Least Absolute Shrinkage and Selection Operator Regression (Lasso)

$$J(\theta) = MSE(\theta) + \alpha \Sigma_{i=1}^{n}|\theta_{i} |$$
  • Use the regularization term only to the cost function during training
  • Once the model is trained, use the unregularized perfomrance measure
  • Tends to eliminate the weights of the least important features
  • Automatically performs feature selection and outputs a sparse model
  • To avoid Gradient Descent from bouncing around the optimum at the end, need to gradually reduce the learning rate during training in Lasso

Create Random Dataset

In [1]:
import numpy as np

X = 2*np.random.rand(100, 1)
Y = 4 + 3 * X + np.random.randn(100, 1)

Train Model with Ridge Regression

In [2]:
from sklearn.linear_model import Lasso

model = Lasso(alpha = 0.1)

model.fit(X, Y)
Out[2]:
Lasso(alpha=0.1, copy_X=True, fit_intercept=True, max_iter=1000,
      normalize=False, positive=False, precompute=False, random_state=None,
      selection='cyclic', tol=0.0001, warm_start=False)
In [3]:
model.intercept_, model.coef_
Out[3]:
(array([4.41541135]), array([2.61496965]))
In [4]:
X_new = np.linspace(0, 2, 100).reshape(-1, 1)
Y_predict = model.predict(X_new)
In [6]:
import matplotlib.pyplot as plt

fig, ax = plt.subplots();

ax.scatter(X, Y);
ax.plot(X_new, Y_predict, 'r')
Out[6]:
[<matplotlib.lines.Line2D at 0x1a172bdc10>]

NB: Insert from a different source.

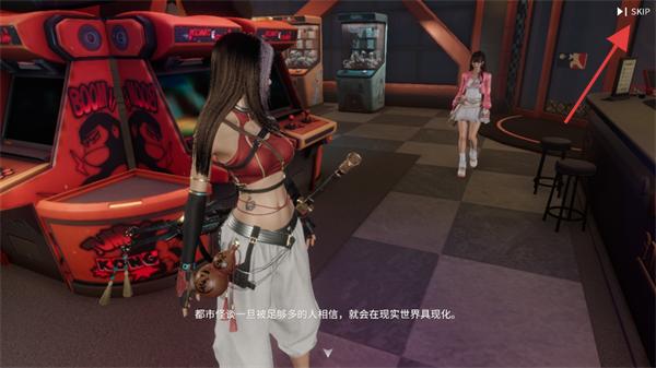1、游戲通過劇情驅動玩家在不同場景如街頭游戲廳,跟隨劇情對話如都市怪談相關內容推進游戲,了解故事背景和任務目標。

Train Model with Stochastic Gradient Descent

In [7]:
from sklearn.linear_model import SGDRegressor

model = SGDRegressor(penalty='l1')

model.fit(X, Y)
/opt/anaconda3/lib/python3.7/site-packages/sklearn/utils/validation.py:724: DataConversionWarning: A column-vector y was passed when a 1d array was expected. Please change the shape of y to (n_samples, ), for example using ravel().
  y = column_or_1d(y, warn=True)
Out[7]:
SGDRegressor(alpha=0.0001, average=False, early_stopping=False, epsilon=0.1,
             eta0=0.01, fit_intercept=True, l1_ratio=0.15,
             learning_rate='invscaling', loss='squared_loss', max_iter=1000,
             n_iter_no_change=5, penalty='l1', power_t=0.25, random_state=None,
             shuffle=True, tol=0.001, validation_fraction=0.1, verbose=0,
             warm_start=False)
In [8]:
model.intercept_, model.coef_
Out[8]:
(array([3.82020529]), array([3.16096941]))
In [9]:
X_new = np.linspace(0, 2, 100).reshape(-1, 1)
Y_predict = model.predict(X_new)
In [10]:
fig, ax = plt.subplots();

ax.scatter(X, Y);
ax.plot(X_new, Y_predict, 'r')
Out[10]:
[<matplotlib.lines.Line2D at 0x1a17315410>]